See related sidebar: Overcoming Missed Opportunities with Forward-Thinking VACs
Limiting ROI assessment to episode-of-care length, as some VACs do, makes it nearly impossible to account for these longer-term impacts. As hospitals shift greater focus to long-term
outcomes for patients, VACs must adjust their focus accordingly. ROI calculations must look beyond the immediate economic costs of payment, cost-per-procedure, and cost of labor to consider overall value to hospitals. How does a new product help to reduce the overall cost of care? Are there complications and readmissions that typically arise beyond 30 days that the new product aims to minimize?
Organizational goals need to be woven into the fabric of VAC decision-making processes to help committee members think beyond the typical 30-day post-procedure results. VACs should challenge manufacturers to provide data that demonstrates outcomes as far out as 90 days, 6 months, one year, or beyond.
Solution #2: Review Processes to Remove Innovation Blockades
Innovation can get lost in the typical VAC decision-making process. Checklists and matrices, intended to improve the efficiency of decision-making, can unintentionally quash innovation. Consider products that define new categories or change procedures. These products may not fit neatly into any one category.
So how do VAC decision-making processes allow room for such products to be considered? For example, requesting a “Yes” answer to the question, “Is this product biologically derived?” to consider anew offering comparable to biologically derived products already on the shelf could preclude evaluation of new types of biosynthetic devices. While rigid categories can be useful filters to reduce noise in VAC evaluation processes, they can also prevent potentially critical advancements from being heard. Apples to apples comparisons can be limiting. Today’s era of value-based care requires deeper evaluations that consider big picture impacts.
Solution #3: Ask the Right Questions
Recharge the new product information gathering phase with pointed questions that provide meaningful insights and deeper understandings of products’ true value.

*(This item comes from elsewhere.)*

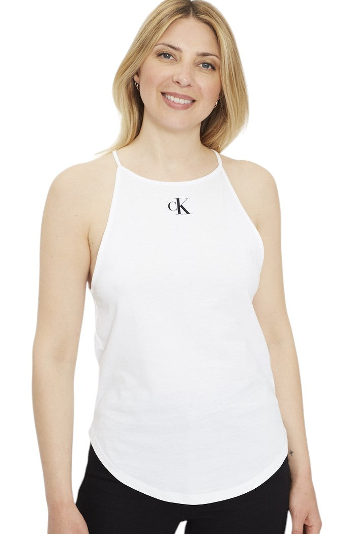 Címke nélküli, fehér, pamut, testhezálló fazon, halter nyakkivágás, ujjatlan, hímzett logó, ívelt alsó szegély.

Consider asking these questions about every new product:
- What is the cost benefit analysis beyond 30 days, 90 days, one year?
- Is there data that demonstrates both short-term and long-term outcomes?
- How well does data track complications after immediate episodes of care?
- Can the device play a role in reducing the overall cost of care, such as pushing treatment to a lower cost setting or reducing inventory shelf space?
- How would inclusion of this device affect our ability to treat more complex cases or a different population in our market area?
- How would it affect our reputation for innovation?
- What value do physicians or surgeons believe the new product will offer?
Push product manufacturers for better information, ask challenging questions and consider inviting clinical or product specialists to present on complicated or disruptive technologies to ensure the VAC is fully informed about the benefits and risks. When presented with a promising cutting-edge product that lacks sufficient clinical data, weigh risk sharing options with manufacturers. For example, obtain products at reduced prices until certain outcomes are proven or request buy-back options for products that fail to deliver promised results after certain periods of time.
The drive for population health can be operationalized immediately into VAC decision-making by making straightforward changes to the processes used to determine product value.